Wednesday, 18 de December de 2024 ISSN 1519-7670 - Ano 24 - nº 1318

Cenas de insensatez

Em meados da década de 70, Umberto Eco classificou, como é fartamente sabido, de ‘apocalípticos’ e ‘integrados’ os dois lados antípodas de leitura dos meios de comunicação. Para dar um exemplo: a primeira ‘ótica’ consideraria a Rede Globo um monstro monopolista e manipulador; a segunda, uma produtora de bens simbólicos (jornalismo e entretenimento) gerador de empregos e cultura de massa. Ainda hoje, a cizânia persiste. Há ainda quem demonize a mídia seguindo a receita de oráculos das seitas simplistas, com suas palavras-de-ordem formuladas no reducionismo estratégico para mobilizar as turbas e receber convites para palestras de diretório estudantil. Ambas ignoram que os vários aspectos, positivos e negativos, retrógrados e progressistas, dos meios de comunicação, coabitam nestes, e que, com todos os desvios e defeitos, também têm função axial na democracia. Não se trata, portanto, de uma coisa ou outra, mas de uma coisa e outra.

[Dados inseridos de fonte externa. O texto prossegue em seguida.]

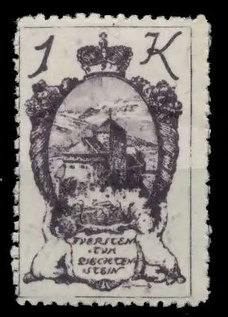 1 Kr Wert der Freimarkenausgabe von 1920 (Dorfansichten, Fürst oder Wappen von Vaduz)
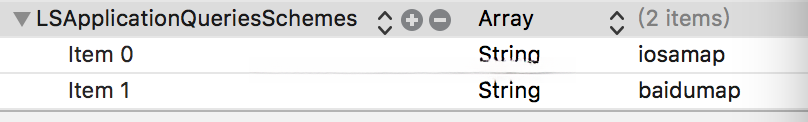 在info中在LSApplicationQueriesSchemes下添加iosamap,效果如下图:
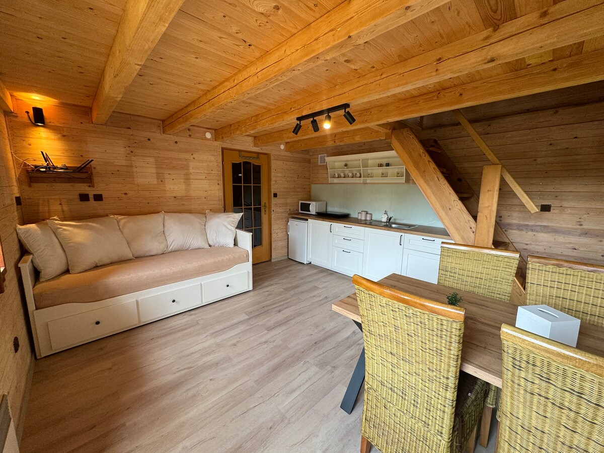 We built our mini house Pod Ořechy to maintain the maximum possible level of privacy and tranquility. It stands right next to a sheep enclosure and has a wonderful view of the forests and meadows. The cottage is small, but thoughtfully designed. It is located on a fenced property so that your four-legged pets can come with you. On the property you will also find a private Finnish wood-burning sauna with a romantic view, which you can use without restrictions. Inside you will find a comfortable bed, a full bathroom and a kitchenette.

Se a mídia não está cumprindo seu papel social, deve ser pressionada pela opinião pública, através da mobilização organizada e da crítica especializada. E o que espera um crítico de uma novela? Que ela tenha qualidade e êxito. Isto vale para novelas de todos os canais, pois desta forma o mercado de trabalho para artistas, técnicos e autores se expande e se consolida. Nem sempre uma ficção de qualidade faz sucesso, assim como nem sempre o melhor candidato é eleito. Não há fórmula de sucesso para uma novela.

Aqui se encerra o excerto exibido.